Il tentativo di costruire un ponte fallisce miseramente. Il progetto prevedeva che la famiglia frequentasse un centro socio-psico-educativo comunale, per incontrare una psicologa e iniziare, gradualmente, a far socializzare i bambini attraverso attività ludiche. Ma, quando la dottoressa contatta la famiglia per il primo incontro, la risposta – a dire dei servizi sociali – è una porta sbattuta in faccia: «I coniugi Trevallion hanno risposto di non essere più interessati».

Il punto di non ritorno, però, si raggiunge sulla salute. La pediatra che ha visitato i bambini ha prescritto accertamenti: una visita neuropsichiatrica infantile per una valutazione globale e degli esami del sangue per valutare lo stato immunitario, visto che i piccoli non sono vaccinati. La risposta dei genitori, messa per iscritto, suona come una provocazione inaccettabile per le istituzioni, una sfida aperta all’autorità sanitaria. «È necessario precisare», scrive l’assistente sociale con evidente sconcerto, «che i coniugi Trevallion hanno espresso a voce e per iscritto la loro volontà di sottoporre i figli a visita neuropsichiatrica e prelievi ematochimici “al costo condizionale di 50.000 euro per ogni minore”».

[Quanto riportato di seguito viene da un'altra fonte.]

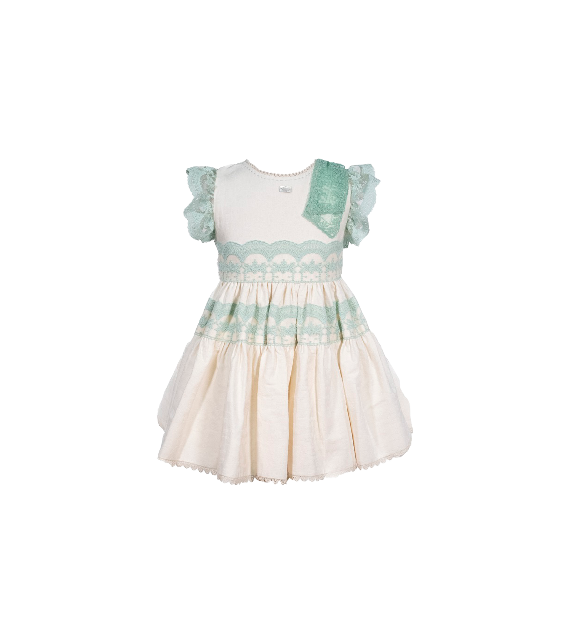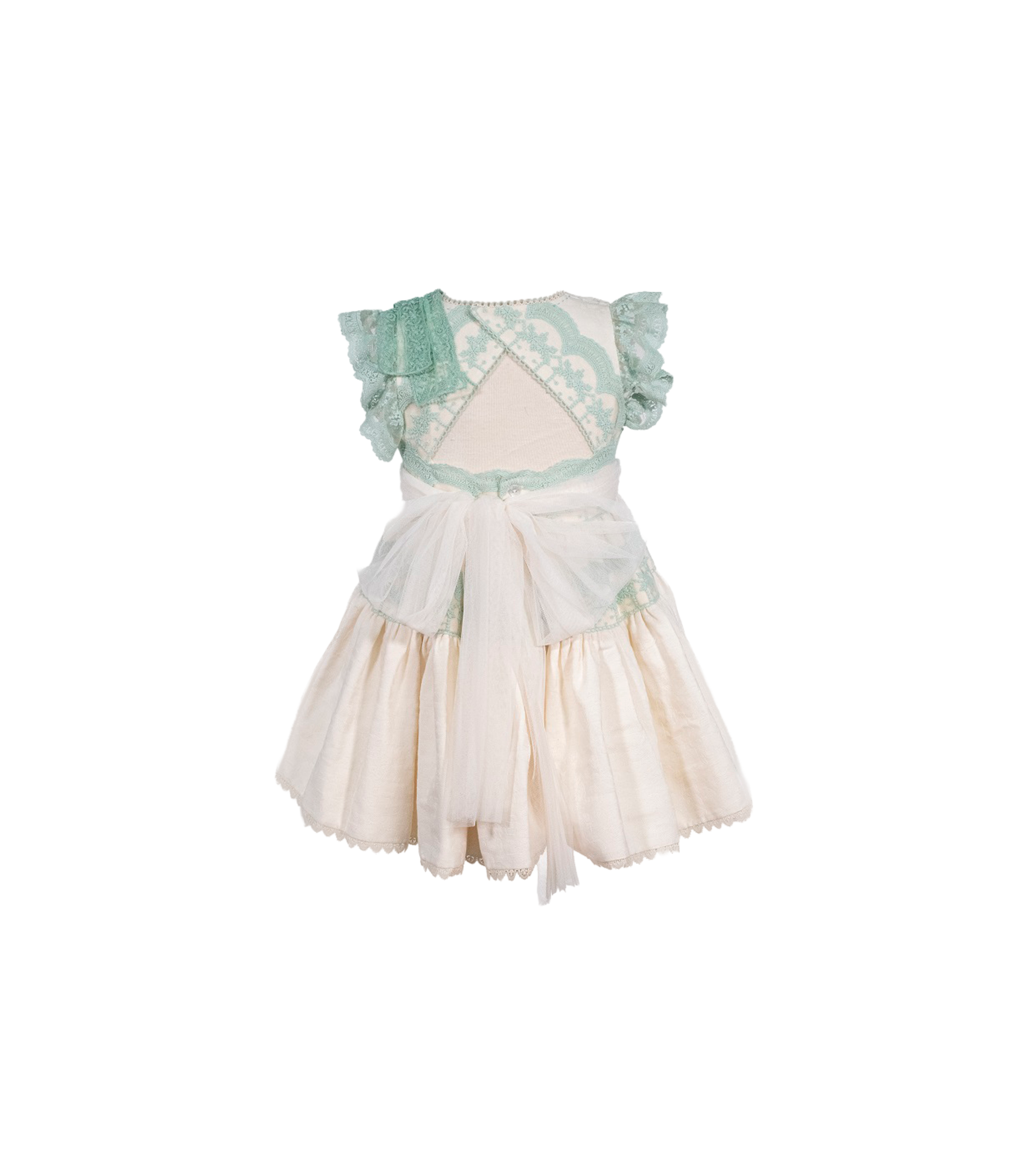 Vestido de talle alto, con escote en la espalda en forma de triángulo, en tejido jacquard con adornos en hombro izquierdo y falda con mucho vuelo.

Una richiesta di denaro – 150 mila euro in totale – per permettere allo Stato di verificare se i loro figli sono sani. Un baratto impossibile che ha sancito la rottura definitiva. Anche su questo punto, la versione della difesa è diversa: non avidità, ma provocazione. Una “boutade” lanciata da genitori esasperati che si sentivano trattati come se i figli fossero merce da esaminare. «Non volevano quei soldi», assicura l’avvocato Giovanni Angelucci, ridimensionando il gesto a un atto di ribellione contro un’intrusione percepita come violenta.

Di fronte a questo muro, la relazione si chiude così: «Questo servizio sociale resta in attesa di ulteriori provvedimenti», conclude la specialista, sottolineando che «la complessità del caso necessita di ulteriori approfondimenti» e richiedendo il supporto dell’autorità giudiziaria.

Quei provvedimenti sono arrivati. Il tribunale ha letto queste carte e ha deciso che non c’era più tempo per approfondire, bisognava agire. La storia dei bambini del bosco, letta attraverso la lente burocratica ma precisa dei servizi sociali, non è un romanzo d’avventura. Eppure, dietro quel linguaggio tecnico e quelle accuse, resta la voce di una famiglia che, pur con metodi non convenzionali, gridava il suo amore e la sua paura di essere spezzata. Una paura che, alla fine, è diventata realtà in un pomeriggio di pioggia e di rabbia.